Join us for a book launch celebrating National Youth Poet Laureate Evan Wang's new chapbook, "Slow Burn."

April 25, 2026
Event Date2026-04-25T19:00:00 - 2026-04-25T21:00:00

Celebrate National Poetry Month with an evening of poetry at the book launch for Evan Wang's new chapbook, Slow Burn. At this event, you'll hear readings by Evan Wang (National Youth Poet Laureate), Emmanuel Oppong-Yeboah (Boston Poet Laureate), and Ailin Sha (Boston Youth Poet Laureate).

RSVP

About Slow Burn

Persistent yet flickering, Slow Burn unveils a passionate world where love is both impossible and inevitable. Divided into three sections, Evan Wang’s debut chapbook traces the confrontation of the self through a cyclical journey of discovery and contradiction, ultimately leading to the choice of allowance: that which is made by the reader. Slow Burn is a romantic’s answer to the search for love, and the strangely comforting realization that the effects of the world mark us all.

About Evan Wang

Evan Wang (王潇) is the 9th National Youth Poet Laureate of the United States, the first male and Chinese individual to hold this title, and author of Slow Burn (Northwestern University Press, 2026), the youngest winner of the Drinking Gourd Chapbook Poetry Prize. His work appears in POETRY Magazine, The Kenyon Review, Waxwing, The Harvard Advocate, and elsewhere. Deemed a "prodigy" by Teen Vogue, Evan has been featured at and recognized by the Biden White House, the United Nations, the Smithsonian Institution, and Google DeepMind.
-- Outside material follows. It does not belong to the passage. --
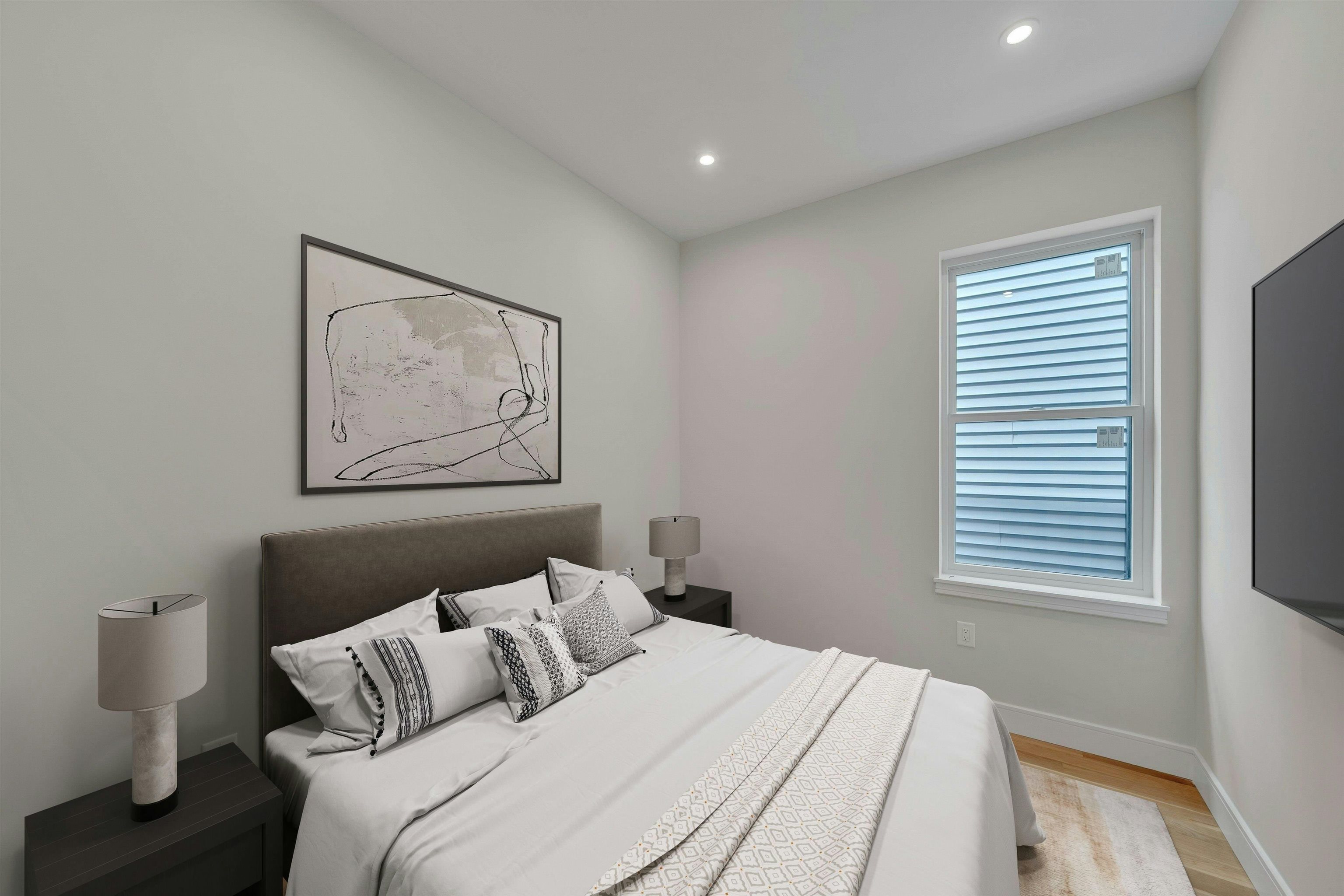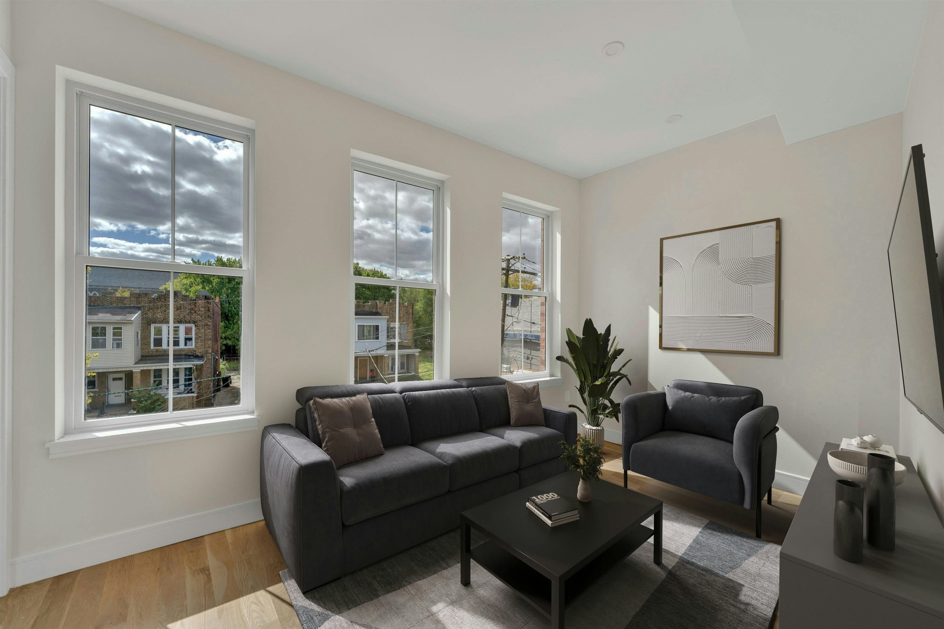 Step inside Unit 2 at 24 Clinton Avenue, a new-construction condominium that blends modern design, premium finishes, and smart functionality in Bergen-Lafayette. With ~1,451 sq ft, this three-bedroom, two-and-a-half-bath residence delivers luxury and a thoughtful layout, featuring 10-foot ceilings, 8- foot doors, and white oak hardwood floors throughout. The kitchen features Fabuwood Luna cabinetry, a Pistachio island, quartz countertops and backsplash, and brass fixtures—creating a sophisticated and timeless aesthetic. Each bathroom offers backlit designer mirrors and high-end finishes, while bedrooms are spacious and bright, with the primary suite including a private balcony and en-suite bathroom. Enjoy a finished private roof deck with breathtaking skyline views of Manhattan and Downtown Jersey City, creating an unmatched entertaining and relaxation space. Additional highlights include brand-new Rheem HVAC systems, 40-gallon powervent hot water tanks, and energy-efficient Andersen 100 Series windows. Located in Bergen-Lafayette—Jersey City’s fastest-growing and most rapidly appreciating neighborhood—this residence is surrounded by a wave of investment, development, and community energy, making 28 Clinton Ave a rare and valuable opportunity
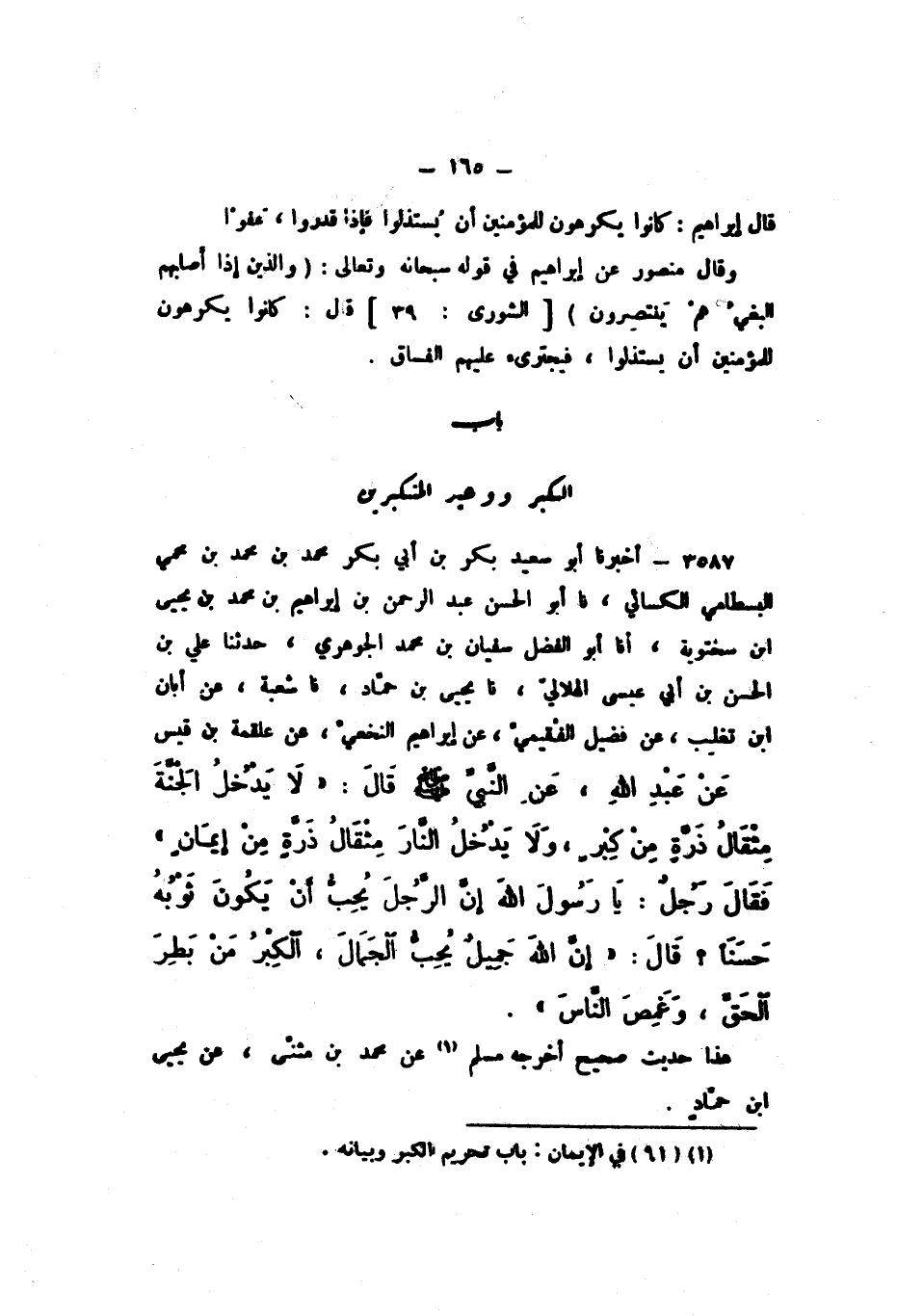 3587 - أَخْبَرَنَا أَبُو سَعِيدٍ بَكْرُ بْنُ أَبِي بَكْرٍ مُحَمَّدِ بْنِ مُحَمَّدِ بْنِ مَحْمِيٍّ الْبِسْطَامِيُّ الْكِسَائِيُّ، نَا أَبُو الْحَسَنِ عَبْدُ الرَّحْمَنِ بْنُ إِبْرَاهِيمَ بْنِ مُحَمَّدِ بْنِ يَحْيَى بْنِ سَخْتَوَيْهِ، أَنا أَبُو الْفَضْلِ سُفْيَانُ بْنُ مُحَمَّدٍ الْجَوْهَرِيُّ، حَدَّثَنَا عَلِيُّ بْنُ الْحَسَنِ بْنِ أَبِي عِيسَى الْهِلالِيُّ، نَا يَحْيَى بْنُ حَمَّادٍ، نَا شُعْبَةُ، عَنْ أَبَانِ بْنِ تَغْلِبَ، عَنْ فُضَيْلٍ الْفُقَيْمِيِّ، عَنْ إِبْرَاهِيمَ النَّخَعِيِّ، عَنْ عَلْقَمَةَ بْنِ قَيْسٍ، عَنْ عَبْدِ اللَّهِ، عَنِ النَّبِيِّ صَلَّى اللهُ عَلَيْهِ وَسَلَّمَ، قَالَ: " لَا يَدْخُلُ الْجَنَّةَ مِثْقَالُ ذَرَّةٍ مِنْ كِبْرٍ، وَلا يَدْخُلُ النَّارَ مِثْقَالُ ذَرَّةٍ مِنْ إِيمَانٍ.

Evan is a first-year student at Harvard College.

About Emmanuel Oppong-Yeboah

Emmanuel Oppong-Yeboah (they/he) is a Ghanaian American poet, editor, and educator living out the diaspora in Boston, Massachusetts. For six years they taught 11th grade English at Cambridge Rindge and Latin School, and prior to that served as a teaching artist at organizations throughout Boston. They have very recently (September 2023) transitioned from teaching high school English, and are currently working as a school librarian at the Joseph Lee School in Dorchester, Boston (it's a K-8!). While they miss their high schoolers, Emmanuel says the transition to working with littles, particularly kids growing up in the city they themself grew up in, has been incredibly joyful and life-giving. The pursuit of joy, and that which sustains life, is essential to their creative practice, and to their practice of living. Emmanuel's first chapbook, "not without small joys" (published in 2021 by Game Over Books Press) explores the centrality of joy as an animating force, especially in the face of human suffering. In their free time, they enjoy hot carbs, afternoons spent playing board games, and the long sigh at the end of a good book.

About Ailin Sha

Ailin Sha is a poet and writer based in Boston. Originally from Beijing, China, she moved to Boston with her mother and sister at age eleven. She attended Boston Latin School and is currently a first-year at Harvard College, where she plans to study English and Economics with a minor in Film. She is a member of the Harvard Advocate, the oldest continuously published college literary magazine in the United States, where she serves on the Poetry Board. She also plays the violin in the Bach Society Orchestra, the largest student-run orchestra at the college. In her free time, she loves to watch and discuss films, write, try new foods, and learn languages.